• Exercise data:

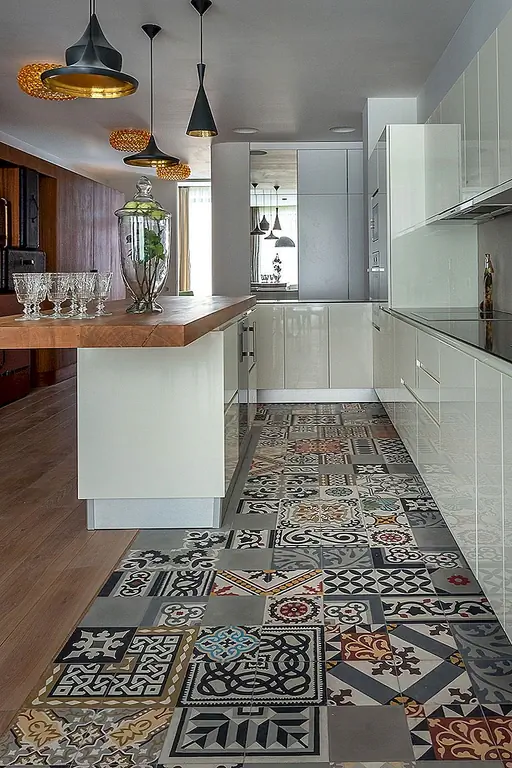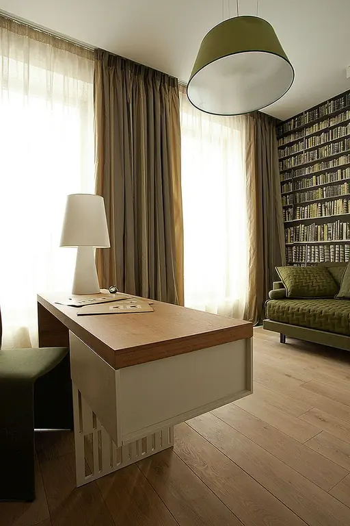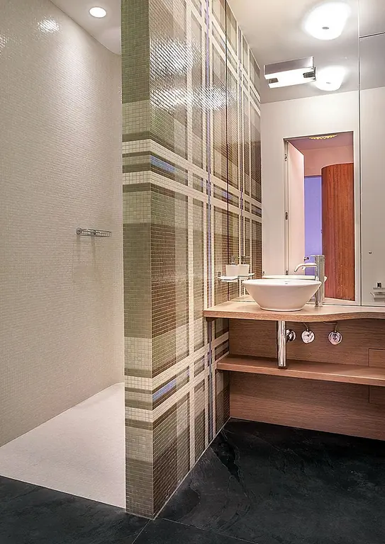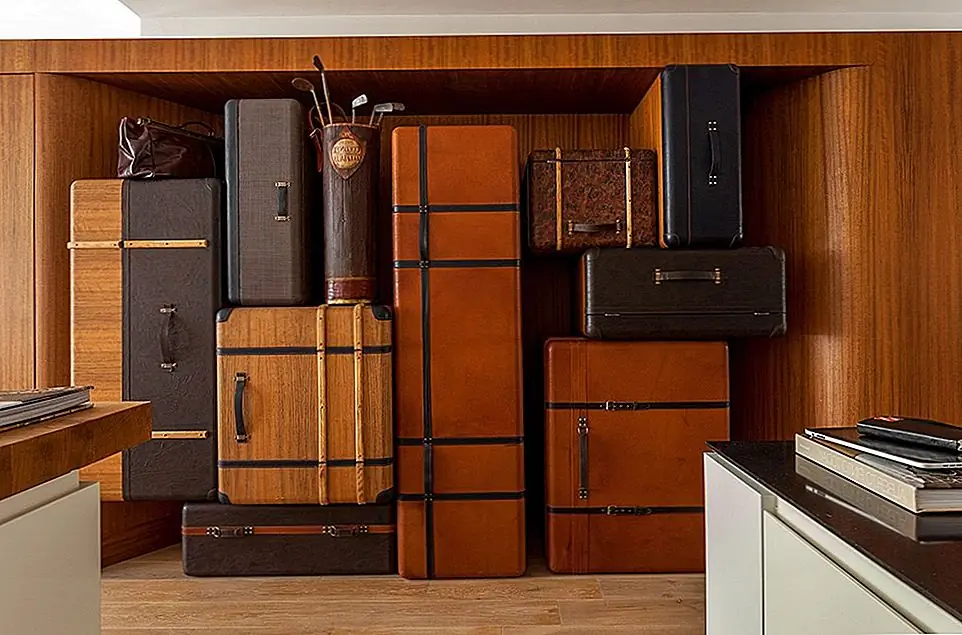 В середине прямоугольной планировки квартиры был создан модуль, функционально разделяющий интерьеры: Одетый в единый материал (мутеная древесина), он обеспечивает непрерывность и последовательность, в то время как у комнат, которые тяготеют вокруг, есть свое собственное украшение: ковер из цементной плитки на кухне, мозаика из тартана в душевой, книжная полка в офисе, украшена плитка с воздушными шарами в ванной комнате«. Самой яркой особенностью квартиры является массивная куча чемоданов, обеспечивающая хранение и вдохновляющая на необходимость скорого взлета. Наслаждайтесь фотографиями! [Фото: Каро Аван Дадаев]
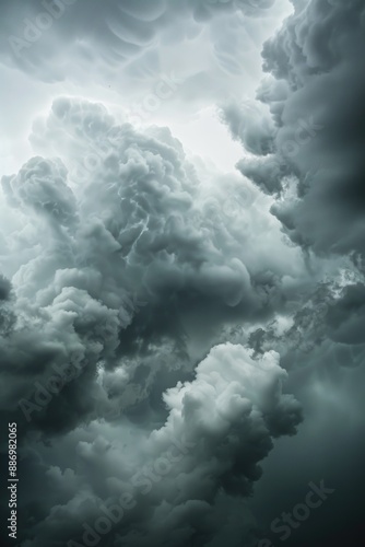 A commercial airliner soaring through a thick layer of clouds, with the sun shining through
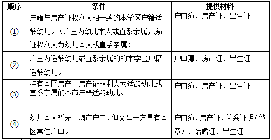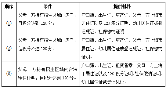 人户一致。户主及房产证权利人为幼儿本人或直系亲属。 户主为适龄幼儿或直系亲属 房产证权利人为适龄幼儿或直系亲属 幼儿本人暂无上海市户口,但父母一方具有本区常住户口 父母一方持有效期内上海市公安局统一签发的《上海市居住证》且积分达到120分标准分值,并持有招生区域内房产或具合法租住证明,幼儿持有效期内《上海市居住证》或《居住登记凭证》 父母一方持有效期内《上海市居住证》,且一年内参加本市职工社会保险满6个月(2019年7月1日至2020年6月30日,不含补缴),或连续3年(从首次登记日起至2020年6月30日)在街镇社区事务受理服务中心办妥灵活就业登记,并持有招生区域内房产或具合法租住证明,幼儿持有效期内《上海市居住证》或《居住登记凭证》 港、澳、台地区及外籍幼儿。法定监护人在本区合法任职或就业、并已在本区购房或合法租住。
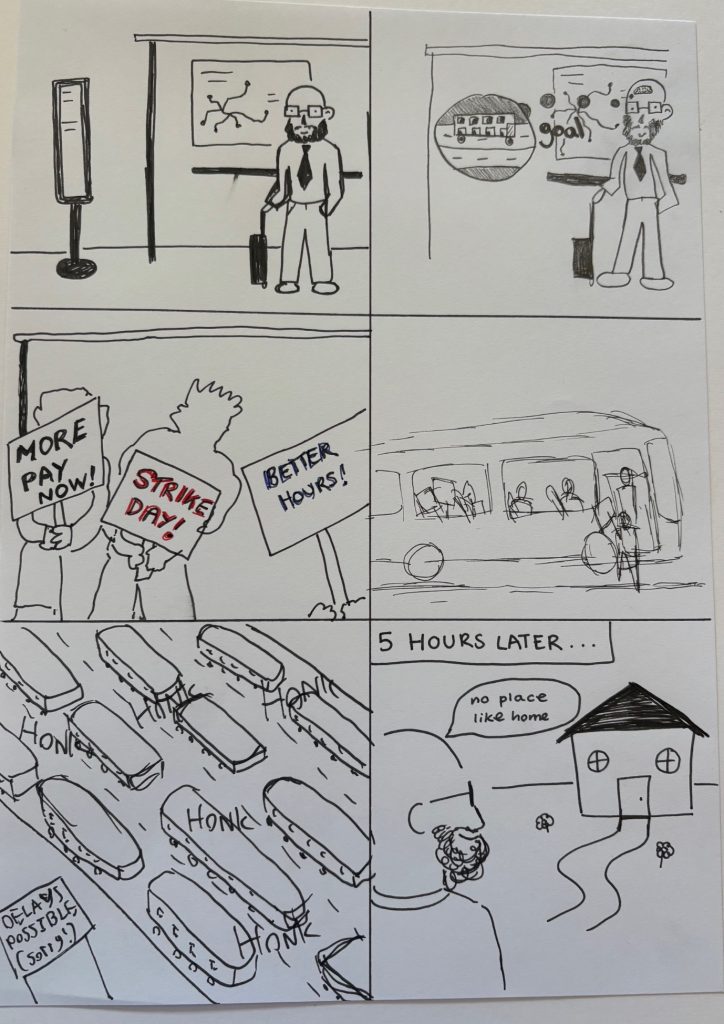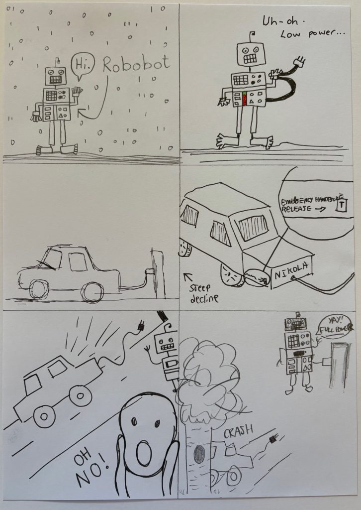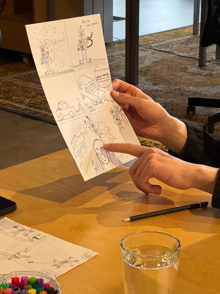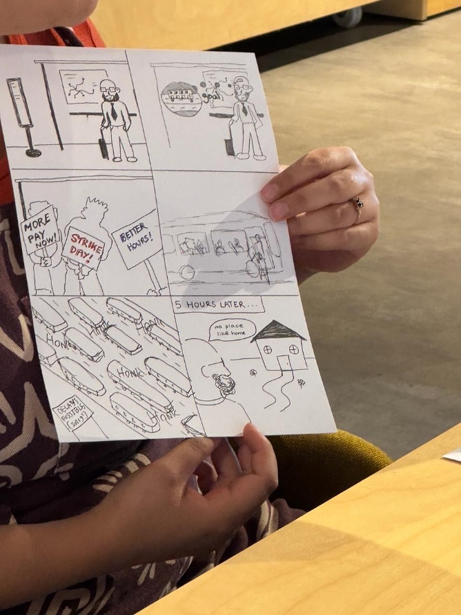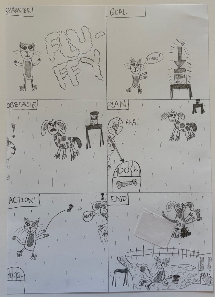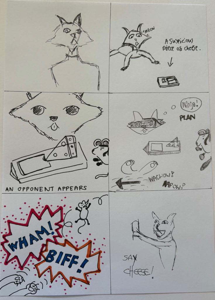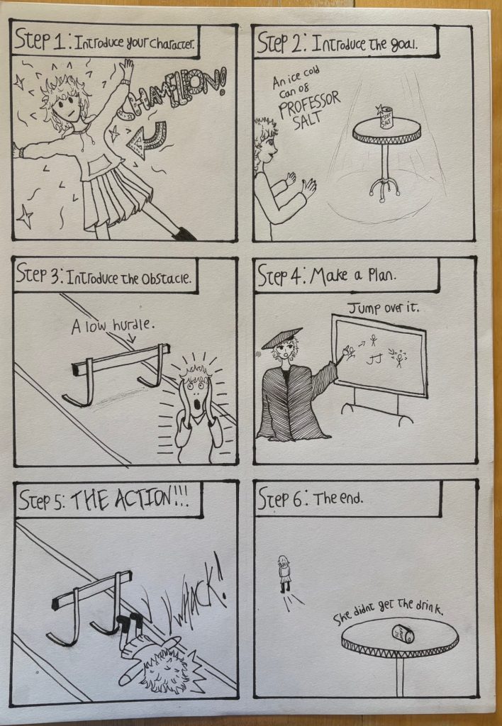 Participants learned from the young leader how to tell a story through a 6-panel cartoon. They were given just five minutes each to draw an initial panel introducing the character of their story, then a second panel outlining that character’s goal. Panel 3 introduced some kind of challenge or barrier, and panel 4 was the character outlining some kind of plan. Panel 5 was the plan being enacted (perhaps successfully, perhaps unsuccessfully), and the last panel showed the end result.

• What you should do:
Leave the pictures out and output exactly the lines above, from the start of the listing through the line with "人户一致。户主及房产证权利人为幼儿本人或直系亲属。 户主为适龄幼儿或直系亲属 房产证权利人为适龄幼儿或直系亲属".

• Output below:
 В середине прямоугольной планировки квартиры был создан модуль, функционально разделяющий интерьеры: Одетый в единый материал (мутеная древесина), он обеспечивает непрерывность и последовательность, в то время как у комнат, которые тяготеют вокруг, есть свое собственное украшение: ковер из цементной плитки на кухне, мозаика из тартана в душевой, книжная полка в офисе, украшена плитка с воздушными шарами в ванной комнате«. Самой яркой особенностью квартиры является массивная куча чемоданов, обеспечивающая хранение и вдохновляющая на необходимость скорого взлета. Наслаждайтесь фотографиями! [Фото: Каро Аван Дадаев]
 A commercial airliner soaring through a thick layer of clouds, with the sun shining through
 人户一致。户主及房产证权利人为幼儿本人或直系亲属。 户主为适龄幼儿或直系亲属 房产证权利人为适龄幼儿或直系亲属 幼儿本人暂无上海市户口,但父母一方具有本区常住户口 父母一方持有效期内上海市公安局统一签发的《上海市居住证》且积分达到120分标准分值,并持有招生区域内房产或具合法租住证明,幼儿持有效期内《上海市居住证》或《居住登记凭证》 父母一方持有效期内《上海市居住证》,且一年内参加本市职工社会保险满6个月(2019年7月1日至2020年6月30日,不含补缴),或连续3年(从首次登记日起至2020年6月30日)在街镇社区事务受理服务中心办妥灵活就业登记,并持有招生区域内房产或具合法租住证明,幼儿持有效期内《上海市居住证》或《居住登记凭证》 港、澳、台地区及外籍幼儿。法定监护人在本区合法任职或就业、并已在本区购房或合法租住。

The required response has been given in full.